*** Begin section ***
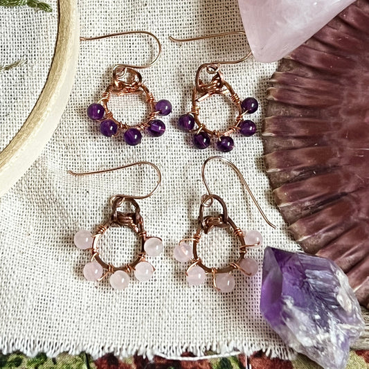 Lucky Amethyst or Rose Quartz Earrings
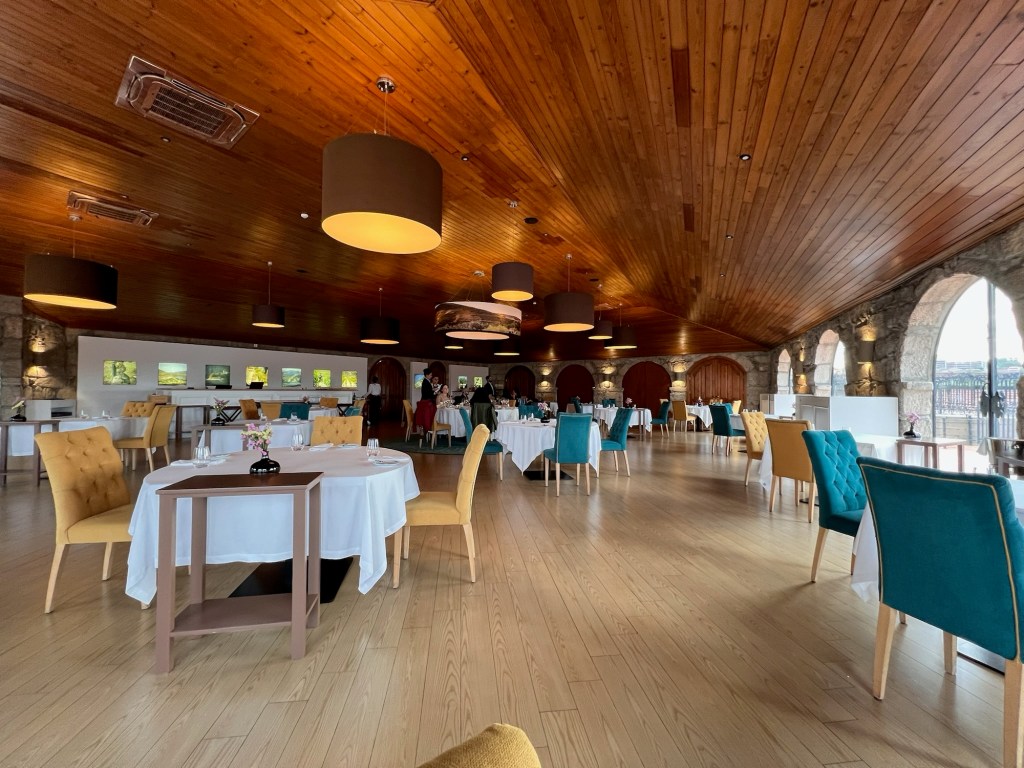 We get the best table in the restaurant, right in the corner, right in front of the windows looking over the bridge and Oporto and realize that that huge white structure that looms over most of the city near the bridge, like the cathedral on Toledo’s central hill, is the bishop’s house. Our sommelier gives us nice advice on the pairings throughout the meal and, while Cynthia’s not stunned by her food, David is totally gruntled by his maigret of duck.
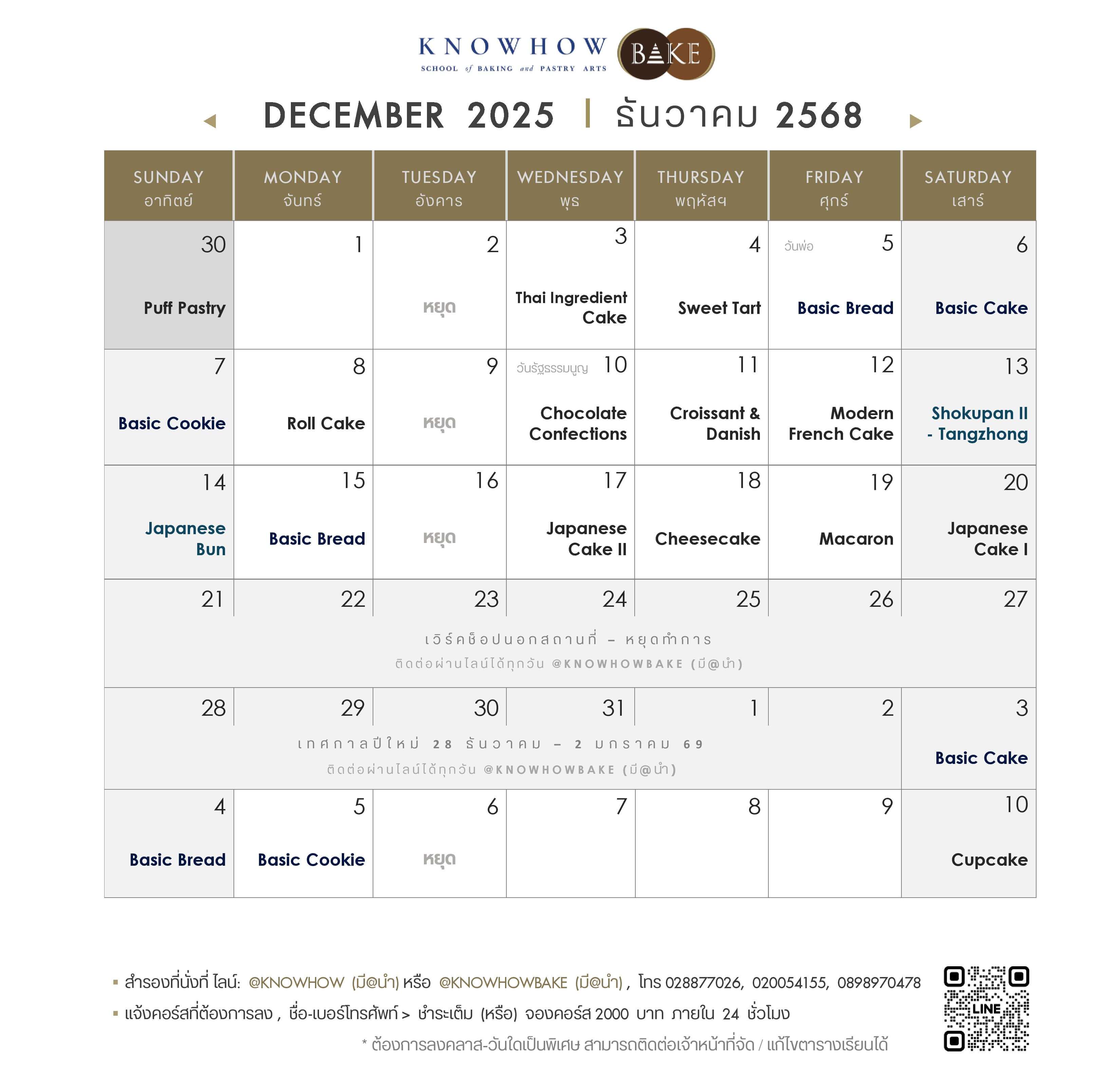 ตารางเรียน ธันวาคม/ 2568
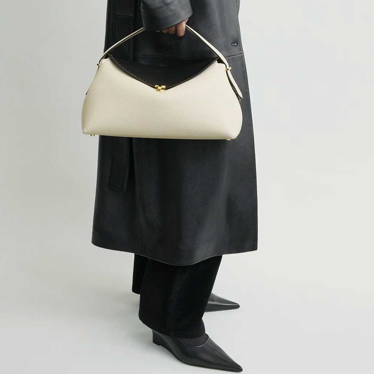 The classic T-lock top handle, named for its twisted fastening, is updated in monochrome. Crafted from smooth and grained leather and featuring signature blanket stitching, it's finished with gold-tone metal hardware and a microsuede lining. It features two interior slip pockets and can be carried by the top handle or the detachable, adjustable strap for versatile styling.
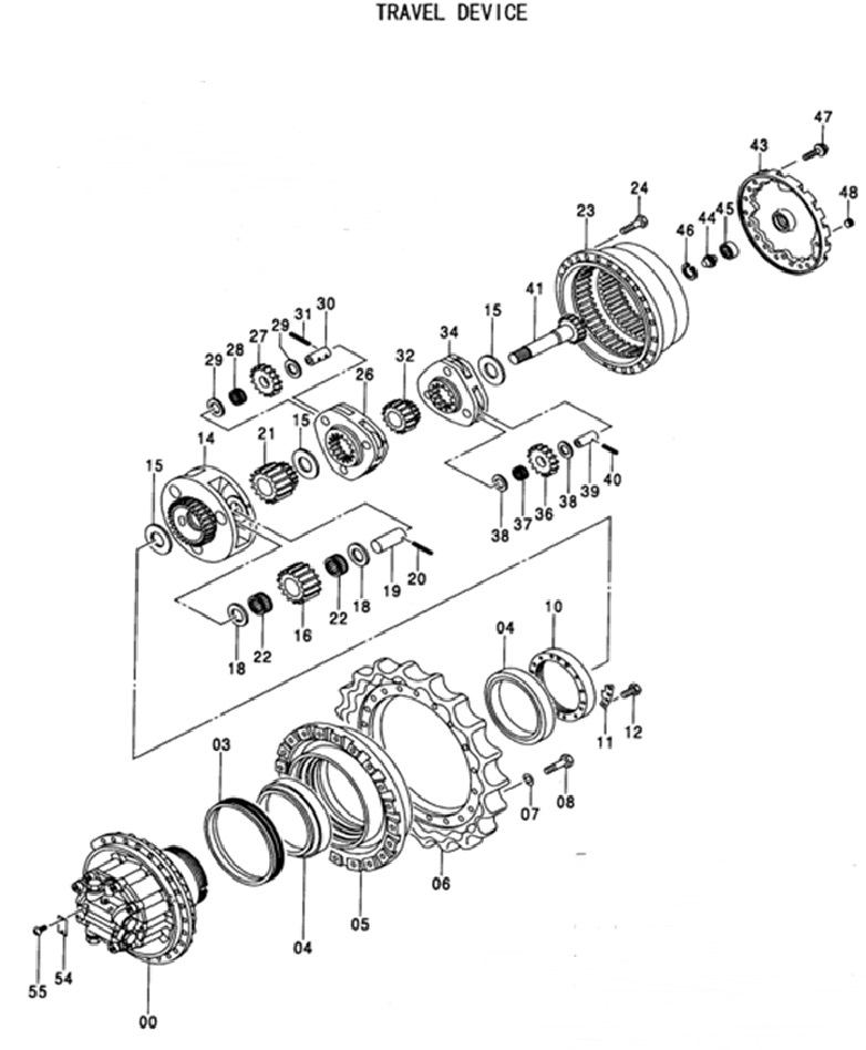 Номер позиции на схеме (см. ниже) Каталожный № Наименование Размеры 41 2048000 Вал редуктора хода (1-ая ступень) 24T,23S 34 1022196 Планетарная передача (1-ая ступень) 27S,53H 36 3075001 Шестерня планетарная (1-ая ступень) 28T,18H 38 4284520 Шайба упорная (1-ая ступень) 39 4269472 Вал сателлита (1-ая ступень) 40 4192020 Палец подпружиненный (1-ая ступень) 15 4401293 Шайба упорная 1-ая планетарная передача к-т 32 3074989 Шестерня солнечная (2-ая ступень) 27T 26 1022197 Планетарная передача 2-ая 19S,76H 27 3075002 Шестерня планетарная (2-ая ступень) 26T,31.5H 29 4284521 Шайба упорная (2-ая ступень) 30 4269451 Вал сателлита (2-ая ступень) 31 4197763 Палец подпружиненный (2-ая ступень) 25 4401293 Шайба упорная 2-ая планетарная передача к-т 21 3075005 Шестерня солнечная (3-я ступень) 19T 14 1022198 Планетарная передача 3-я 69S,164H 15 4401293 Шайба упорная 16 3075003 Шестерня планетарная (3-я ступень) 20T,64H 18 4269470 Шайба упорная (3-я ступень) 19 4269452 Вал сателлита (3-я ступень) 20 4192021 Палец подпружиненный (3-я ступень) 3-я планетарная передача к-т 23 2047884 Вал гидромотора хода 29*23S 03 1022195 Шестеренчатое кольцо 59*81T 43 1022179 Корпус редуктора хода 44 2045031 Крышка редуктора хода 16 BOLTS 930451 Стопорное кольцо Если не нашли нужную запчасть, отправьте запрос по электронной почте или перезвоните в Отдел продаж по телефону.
*** End section ***
Set down again, word for word, every line from the one with "We get the best" to the one with "ตารางเรียน ธันวาคม/ 2568" in the entries above, and omit the pictures.

 We get the best table in the restaurant, right in the corner, right in front of the windows looking over the bridge and Oporto and realize that that huge white structure that looms over most of the city near the bridge, like the cathedral on Toledo’s central hill, is the bishop’s house. Our sommelier gives us nice advice on the pairings throughout the meal and, while Cynthia’s not stunned by her food, David is totally gruntled by his maigret of duck.
 ตารางเรียน ธันวาคม/ 2568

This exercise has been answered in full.